I've always thought that a lot of Guardian journos are closet Mefi posters -- there always seems to be some titbit in that supplement about this site, and it's always getting coverage in the 'Weblife' column in The Editor supplement on a Saturday -- in fact, it's an unusual week when this URL doesn't appear in relation to something...
posted by feelinglistless at 12:19 PM on January 31, 2002


"I think Blogger needed to start making some real money sixteen months ago."

Amen. It amazes me that so many people were upset with my concern back then that Ev was interested in getting rich quick and selling Blogger to a bigCo for serious commercial exploitation.

As a former staff member said, "I kept thinking the business side of things would come together on its own.
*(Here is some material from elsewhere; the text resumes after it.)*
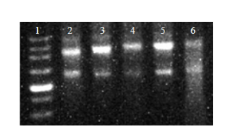 Lane 1:250 bp DNA Marker?Lane 2:小鼠/子宮;Lane 3:小鼠/肺;Lane 4:小鼠胃;Lane 5:小鼠/心臟;Lane 6:果蠅。

Tripod, Geocities, Freeservers, and/or Xoom would have contacted us, and allowed us to integrate with their free hosting systems."

Can anyone out there actually say that Blogger users would be better off if the service were owned by Geocities? The effect on the culture and community would have been poison.

As Jack Satturn said after the layoffs "I never felt like an employee of Pyra up until a few months ago, when ev made it clear that he would keep on going, trying to negotiate deals for the company, even if everyone else on the team left or was let go."

In many ways, the former employees seemed to care for Blogger on a deeper, more emotional level than Ev, who seemed more interested in flipping the business. The staff made a lot of sacrifices - they even worked for free. When Blogger lost its staff, in many ways it lost its heart too.

It's ironic to me that after all this time and after his initial resistance to the idea ("I want to turn Blogger into a successful business. Not a hobby. Not a volunteer-run organization."), Ev finally adopted a revenue model much like LiveJournal's.

In Ev's words at the time of the layoffs, "I just had to drastically scale down the plan for immediate world domination." The funny thing is, it took him a year to downgrade his plans to the point that he finally decided to release a product - something that could have been done a long time ago, would have saved jobs, and might have even attracted the investors Ev wanted in the first place (who, last time I checked, prefer buying businesses with revenue...)
posted by insomnia_lj at 6:25 PM on January 31, 2002


The Guardian does have a weblog, and as far as I can see under the T&C's of blogger pro, both the online blog and this (if they do use blogger to post to it) have to be pro blogs now. Of course with pro blogs you don't have to have the link so we don't know.